Hello (Distributed) World: Designing Software that Spreads P2P

What if simply being connected to a LAN or even the Internet gave you access to any application ever run on any other computer? What if your computer could automatically retrieve and launch those applications, no matter how complex, using a simple hashed-based identifier? What if the right software just arrived at the right time?

Answering these questions is part of our goal with Skynet1 and Spin, the distributed programming language on which Skynet is built. When a user needs a new Spin application, Skynet seamlessly retrieves it from a peer on the local network or the Internet.

To make this possible, applications written in Spin are structured a little differently.

Hash everything

To start with, every part of a Spin application is identified by its SHA-1 digest. We refer to these identifiers as uuids.2 These uuids let Skynet locate and download parts of applications over our peer-to-peer network and trust the results without needing to trust other peers.
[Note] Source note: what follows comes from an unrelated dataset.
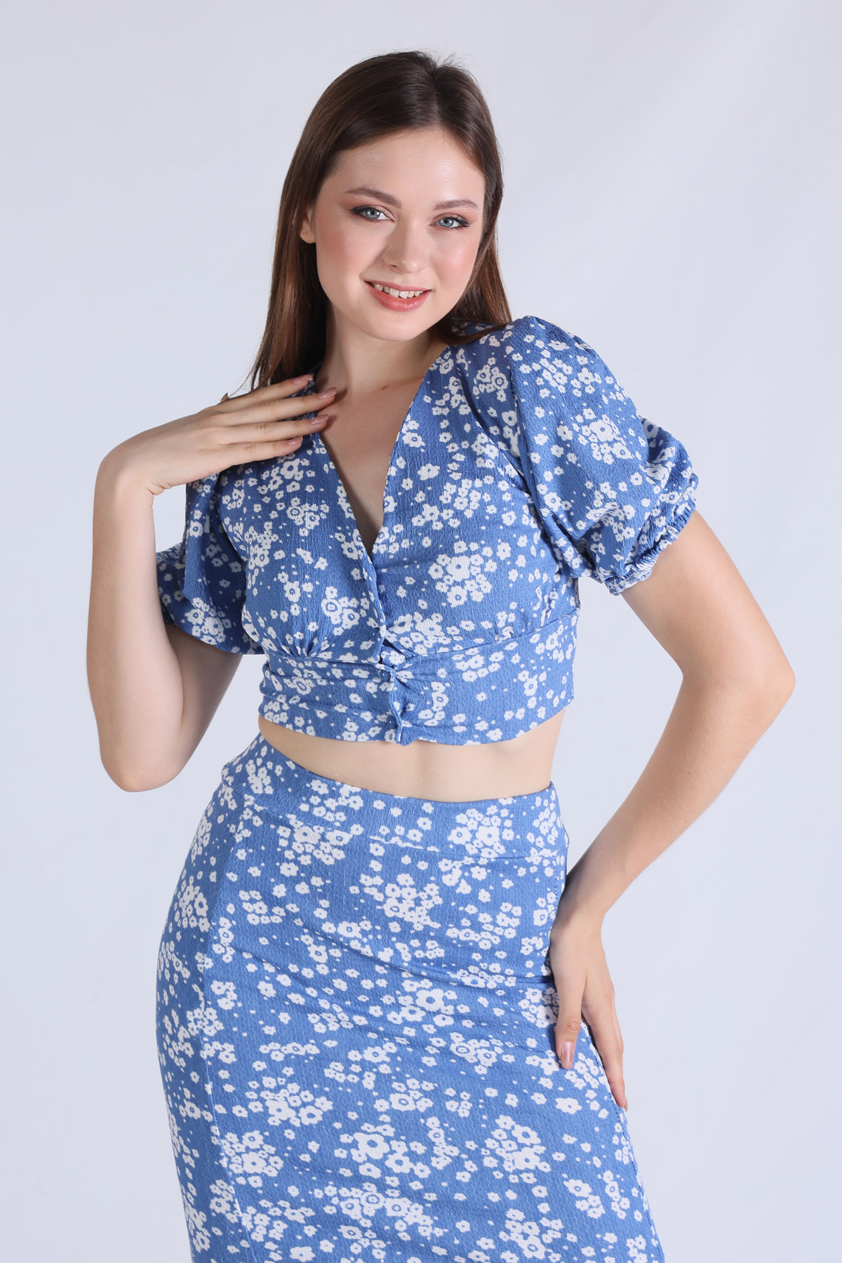 1374 Önü Düğmeli Yırtmaçlı Desenli Takım Mavi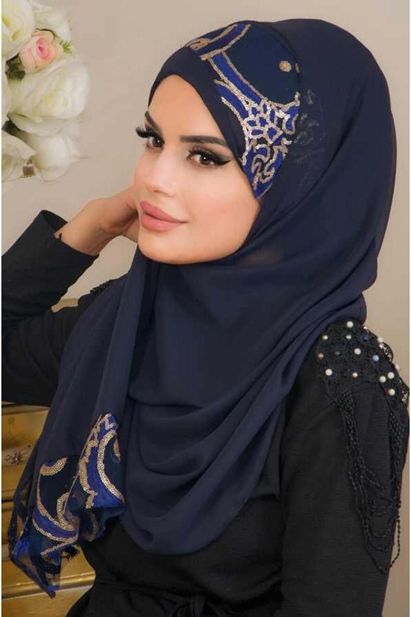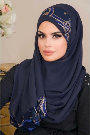 Lacivert Payetli Abiye Double Şal Kumaş Cinsi : Fransız Şifon Ürün Özelliği : Çift kat oluşu ile iç göstermez esnek formuyla başınızı sarar rahat kullanım özgürlüğü sunar; İade ve değişim : 15 gün içinde koşulsuz iade ve değişim Teslimat Tarihi : Türkiye içi 2; 4 iş günü / Avrupa; Amerika 4; 7 iş günü;

Portrait of a fluid application

A Spin application is broken into several chunks. The most important of these is the application’s descriptor. This descriptor is, in some sense, the head of the application. In order to spawn an application, the spawning process must have a copy of the application’s descriptor.

However, the descriptor doesn’t contain any code. Instead, it contains information such as the name and version. It can even include a description or icon. Most importantly, it contains a list of required dependencies specified by uuid.

An application will not start unless all of its dependencies are available. These dependencies may be any kind of resource. One of them will be its own code segment.

The uuid of the descriptor itself uniquely identifies the entire application.

Save space, save bandwidth

Like dynamically linked native code, our dependency system saves space by storing each library or resource at most once, no matter how many applications depend on it. Just as importantly, each dependency will only ever be downloaded once.

Dependable dependency resolution

Like a statically linked executable, a Spin application will always use the exact dependencies it was compiled against. A library cannot be updated out from under an application and introduce unexpected behavior (or new bugs). If an application depends on a buggy library, it must be re-released in order to take advantage of a patched version.

Using exact dependencies was a difficult decision. Tight and loose coupling both have advantages. In general, modern operating systems encourage dynamic linking. This can help them conserve space and RAM while making system updates easier for conventional software.

Our hash-based distribution model already provided those benefits. In the end, we chose exact dependencies because it made our software easier to reason about and seemed to produce more reliable applications.3

Hello world as a fluid application

The simplest Spin application is a folder containing two .spin source files.

hello-world/
  main.spin
  metadata.spin

First metadata.spin is compiled and then run, returning a partial application descriptor. Then, all spin files except metadata.spin are compiled and included in the code segment.

Creating the descriptor

Here’s a simple metadata.spin file:

'{ type: 'application }

As you can see, you don’t have to specify much.4 The compiler automatically adds other basic fields. It infers the application name from the directory and calculates the dependency uuids during compilation. The dependencies are stored under the “required-uuids” key and the “data-uuid” key specifies which of them is the code segment.

'{
  commit-status: "later"
  commit-timestamp: 1281558040
  data-uuid: "0a0ac5781c34c69dac3996103c540e265ec81e67"
  imported-metadata-uuids: '{}
  major-version: 0
  micro-version: "2010.223.73240"
  minor-version: 0
  modification-timestamp: 1281558040
  name: "hello-world"
  payloads: '{}
  required-sizes: '{0a0ac5781c34c69dac3996103c540e265ec81e67: 276}
  required-sizes-total: 276
  required-uuids: '["0a0ac5781c34c69dac3996103c540e265ec81e67"]
  type: "application"
  version: '[0, 0, "2010.223.73240", "later", 0]
}

The moment we’ve all been waiting for…

All applications have a spawn entry point that defaults to “main.” That is, when spawned, execution begins at the top of the main.spin file.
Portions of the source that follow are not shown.